START Dataset records

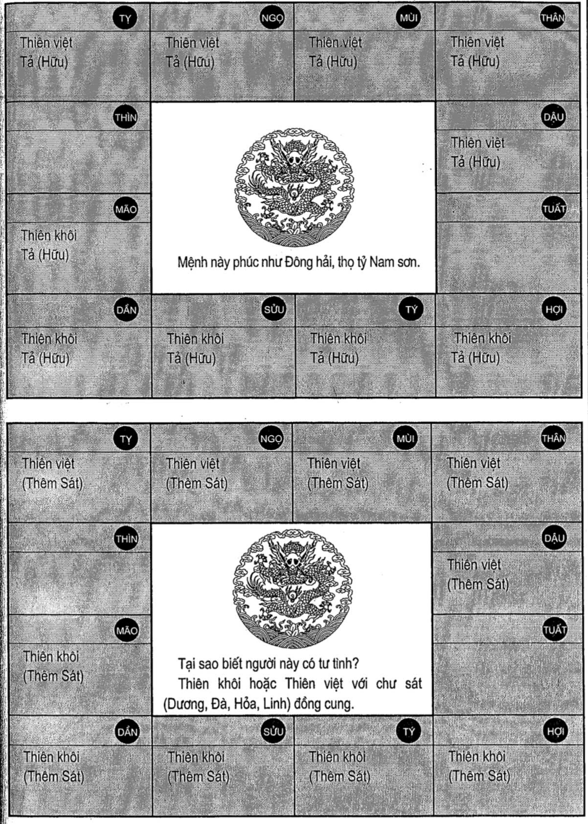 Các sách đều xem Thiên Khôi, Thiên Việt, Thiên ất quý nhân là những sao tác động từ tuổi 40 trở về sau, gặp sao này thì không lấy cát lợi mà luận bàn.
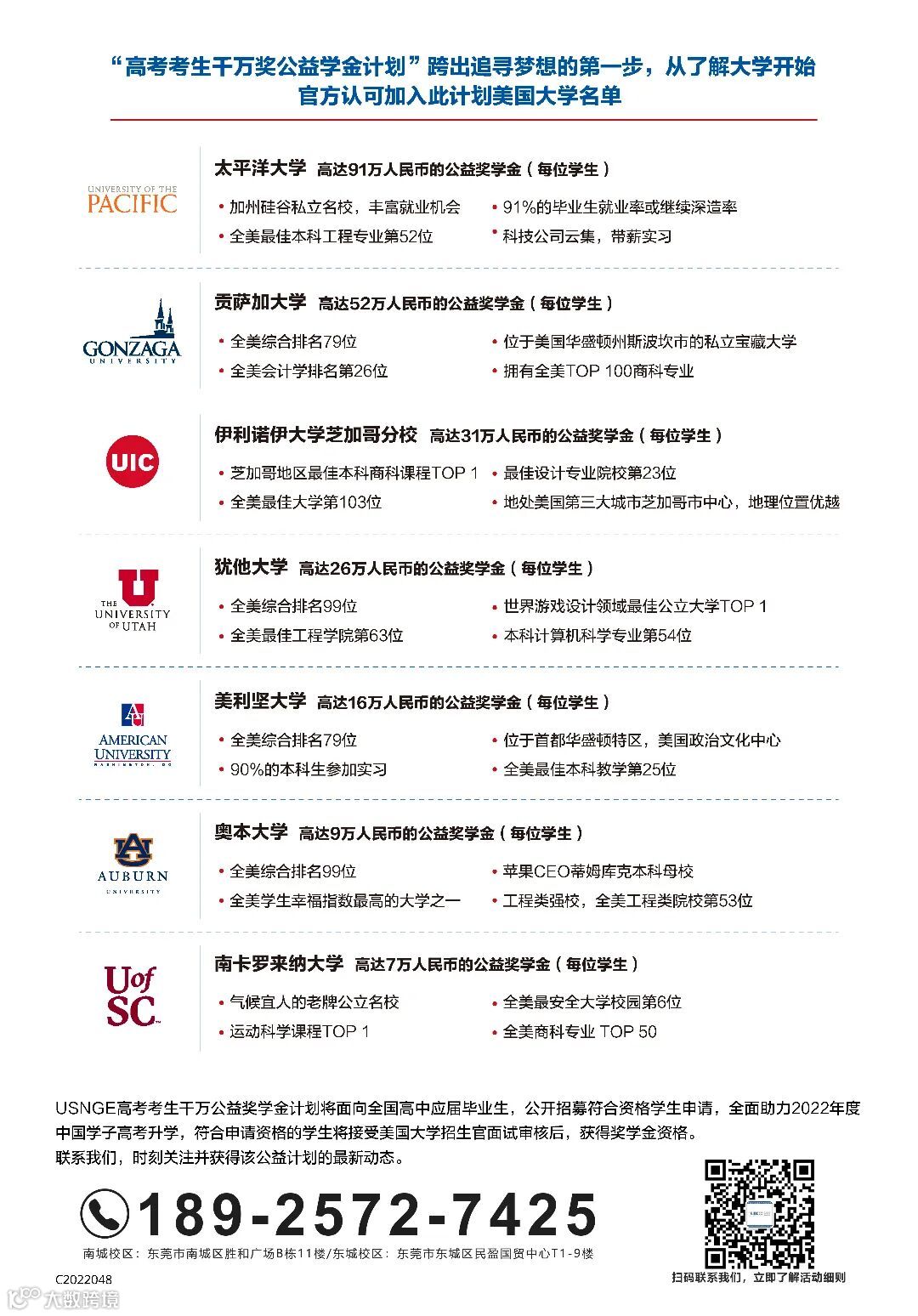 了解USNGE中国高考考生千万公益奖学金计划资料
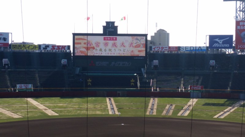 令和2年西宮市成人式が、初めて甲子園球場で行われました。
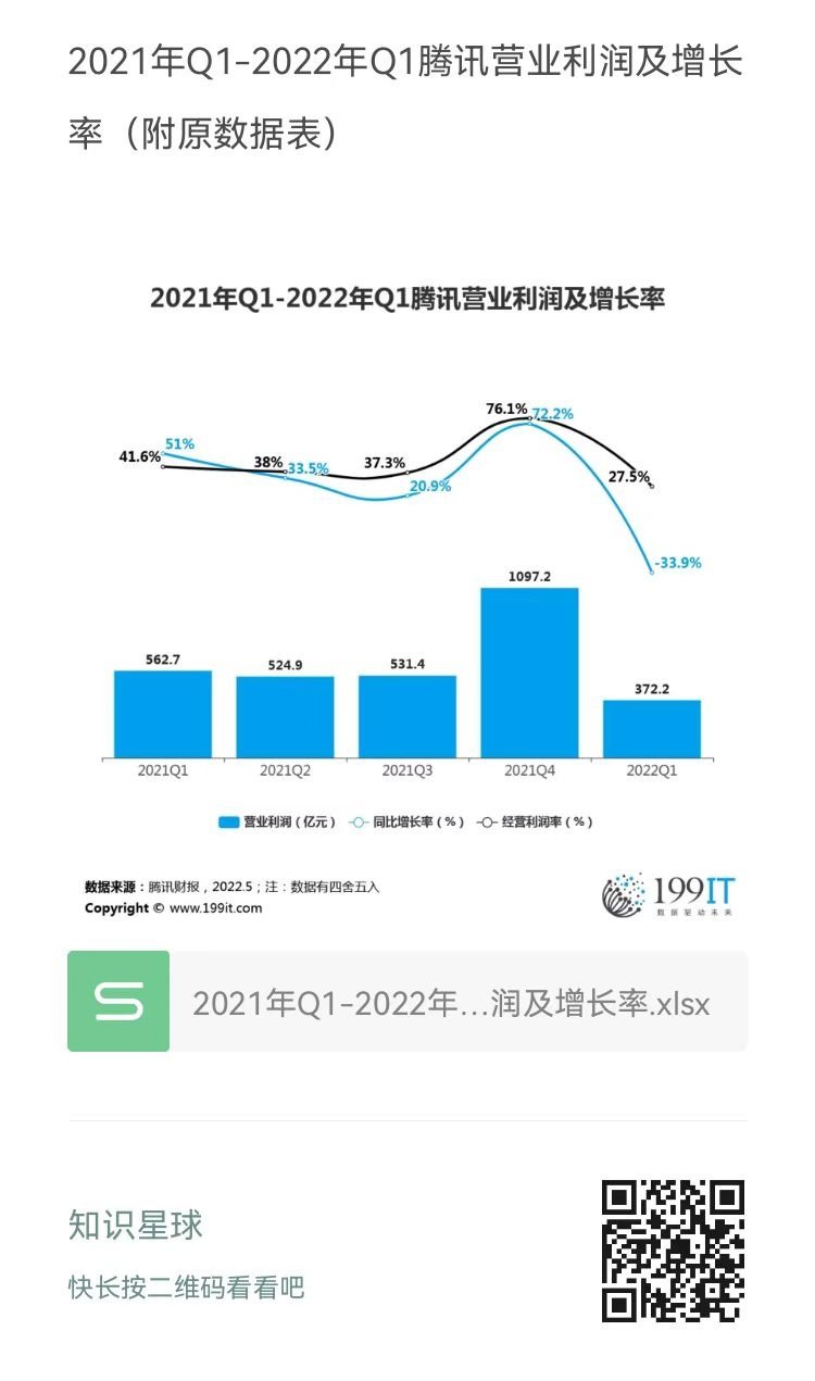 - 2019年Q1-2021年Q1腾讯营业利润及增长率(附原数据表)
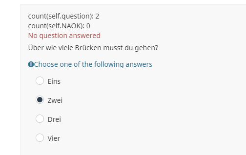 {% set questionCount = processString("{count(self.question)}") %} count(self.question): {{ questionCount }} <br> count(self.NAOK): {{ processString("{count(self.NAOK)}") }} <br> {{ processString("{if(count(self.NAOK) == 0,'<span class=\"text-danger\">No question answered</span>')}") }} {{ processString("{if(count(self.NAOK) gt 0 and count(self.NAOK) lt "~questionCount~",'<span class=\"text-warning\">'+count(self.NAOK)+' question(s) answered</span>')}") }}

END Dataset records

What is needed is an exact transcription of the lines from the one holding "- 2019年Q1-2021年Q1腾讯营业利润及增长率(附原数据表)" to the end of the data, with every picture left out.

● Answer:
 - 2019年Q1-2021年Q1腾讯营业利润及增长率(附原数据表)
 {% set questionCount = processString("{count(self.question)}") %} count(self.question): {{ questionCount }} <br> count(self.NAOK): {{ processString("{count(self.NAOK)}") }} <br> {{ processString("{if(count(self.NAOK) == 0,'<span class=\"text-danger\">No question answered</span>')}") }} {{ processString("{if(count(self.NAOK) gt 0 and count(self.NAOK) lt "~questionCount~",'<span class=\"text-warning\">'+count(self.NAOK)+' question(s) answered</span>')}") }}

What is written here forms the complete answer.